**What this task involves:** Reproduce the listing that follows in full. Omit its images.

**Given data:**

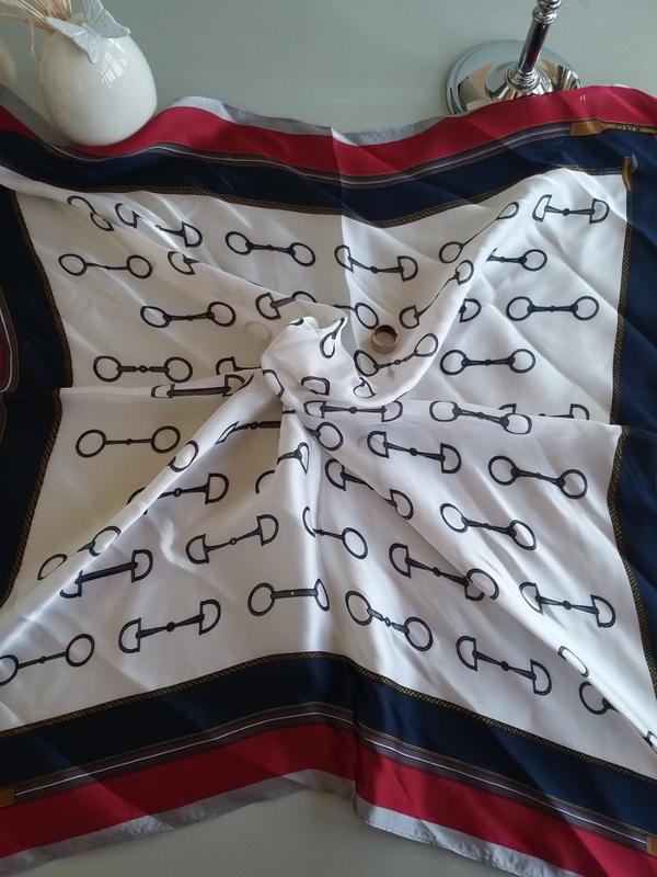 Хустка Розмір: 60*60см Склад: 100% поліестер. Їх можна пов'язати на голову, шию або прикрасити з їх допомогою сумку. Це допоможе не тільки освіжити образ, але іноді навіть захистити сумочку від потертостей та пошкоджень.
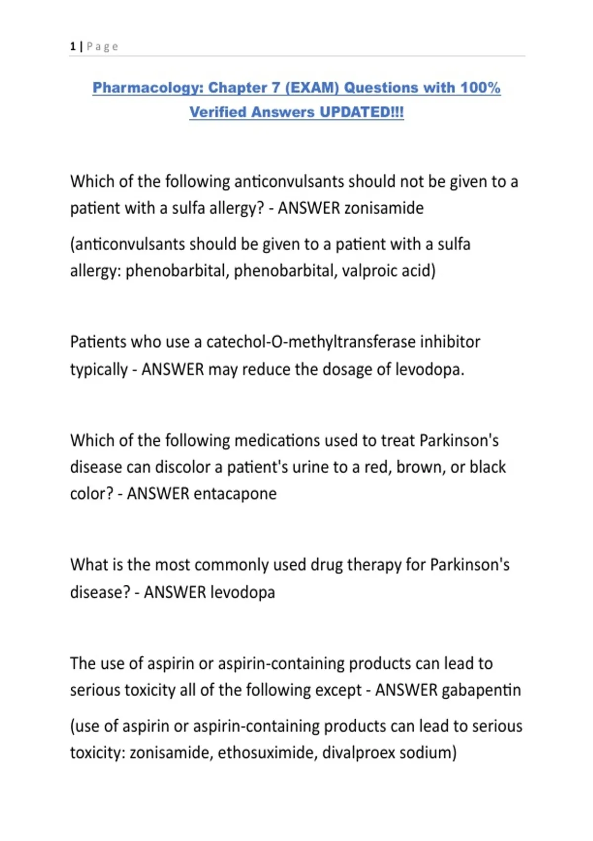 Pharmacology Chapter 7 (EXAM) Questions with 100% Verified Answers UPDATED!!!.
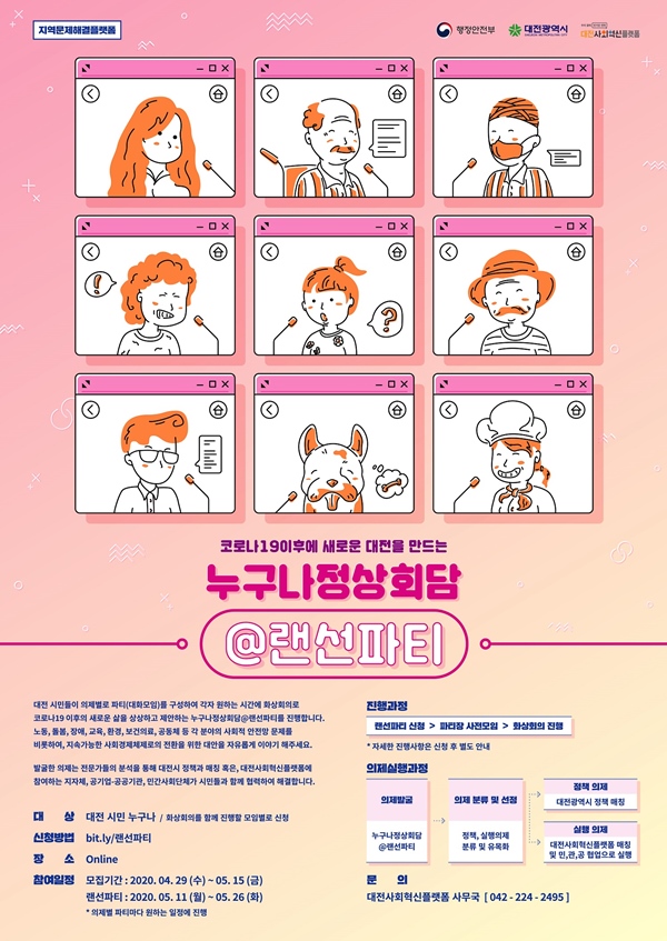 Äڷγª19 ÀÌÈÄÀÇ »õ·Î¿î ´ëÀüÀ» ¸¸µå´Â ¡®´©±¸³ªÁ¤»óȸ´ã@·£¼±ÆÄƼ¡¯ÆÄƼ¿ø ¸ðÁýÀº 4¿ù 29ÀϺÎÅÍ 5¿ù 15ÀϱîÁö ´ëÀü ½Ã¹Î ´©±¸³ª ¿Â¶óÀΰú Àüȸ¦ ÅëÇØ ½ÅûÇÒ ¼ö ÀÖ´Ù.
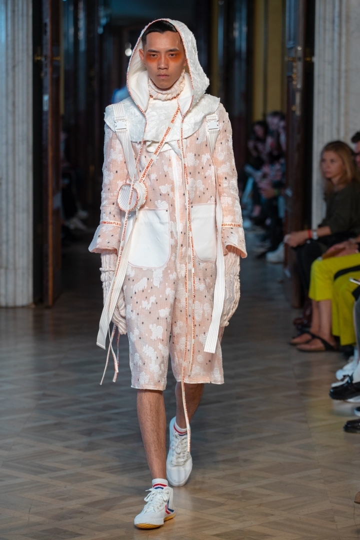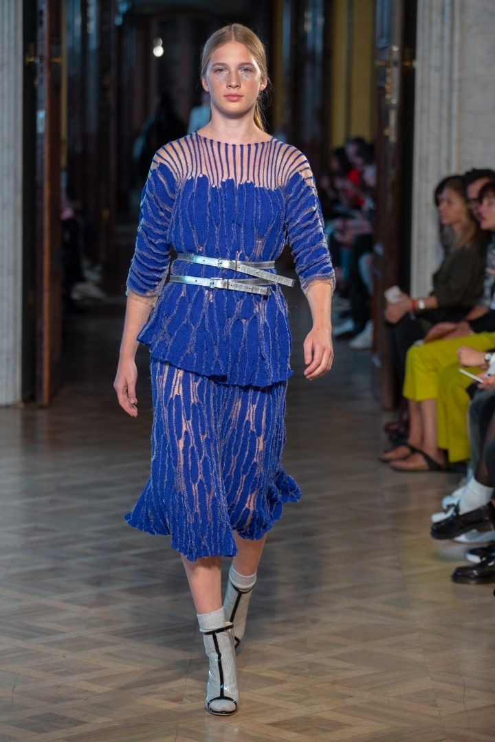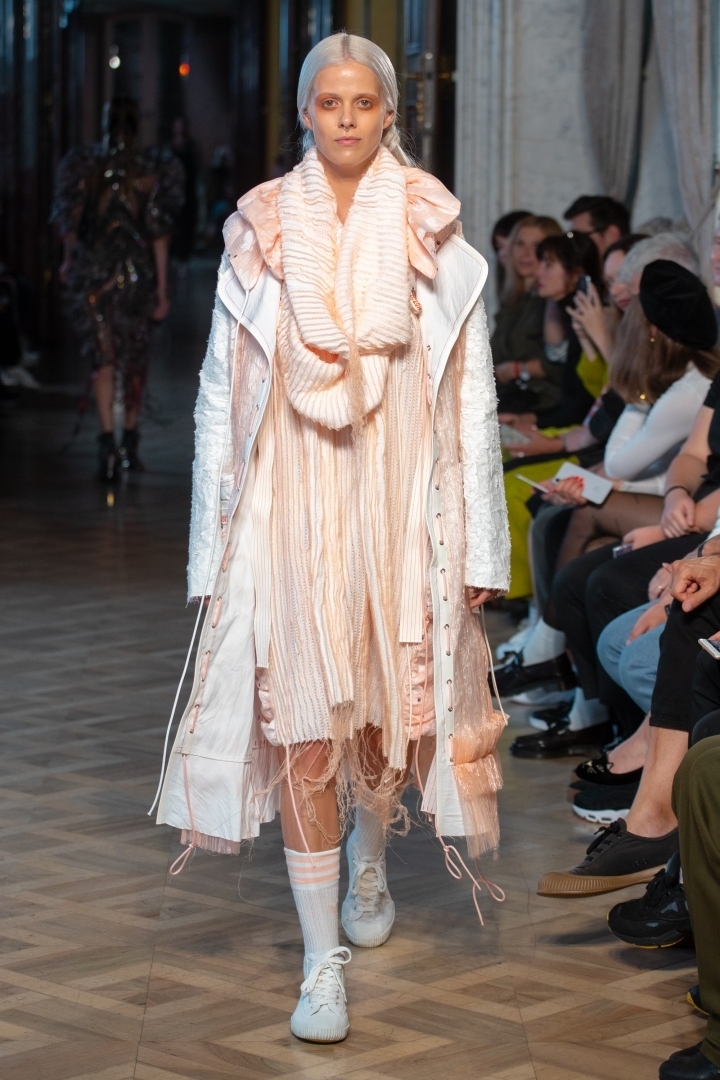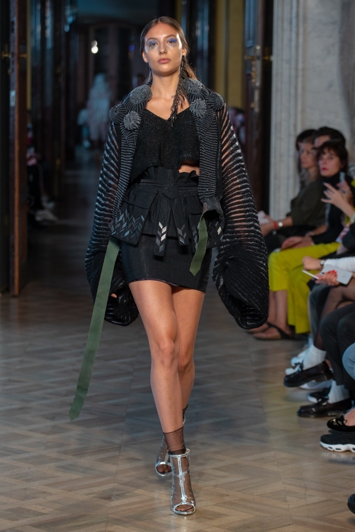 The model that made an impression on me at first glance was composed of an oversize semi-sheer pullover with pompoms, a short black top, a pleated skirt with a decorative wrap around the waist and the whole was accompanied by a pair of transparent ankle high heels. A business meeting, a cup of coffee with a girlfriend or a family get-together? This is simply perfect for any such occasion. In my opinion it is perfect and chic!

**Task response:**
 Хустка Розмір: 60*60см Склад: 100% поліестер. Їх можна пов'язати на голову, шию або прикрасити з їх допомогою сумку. Це допоможе не тільки освіжити образ, але іноді навіть захистити сумочку від потертостей та пошкоджень.
 Pharmacology Chapter 7 (EXAM) Questions with 100% Verified Answers UPDATED!!!.
 Äڷγª19 ÀÌÈÄÀÇ »õ·Î¿î ´ëÀüÀ» ¸¸µå´Â ¡®´©±¸³ªÁ¤»óȸ´ã@·£¼±ÆÄƼ¡¯ÆÄƼ¿ø ¸ðÁýÀº 4¿ù 29ÀϺÎÅÍ 5¿ù 15ÀϱîÁö ´ëÀü ½Ã¹Î ´©±¸³ª ¿Â¶óÀΰú Àüȸ¦ ÅëÇØ ½ÅûÇÒ ¼ö ÀÖ´Ù.
 The model that made an impression on me at first glance was composed of an oversize semi-sheer pullover with pompoms, a short black top, a pleated skirt with a decorative wrap around the waist and the whole was accompanied by a pair of transparent ankle high heels. A business meeting, a cup of coffee with a girlfriend or a family get-together? This is simply perfect for any such occasion. In my opinion it is perfect and chic!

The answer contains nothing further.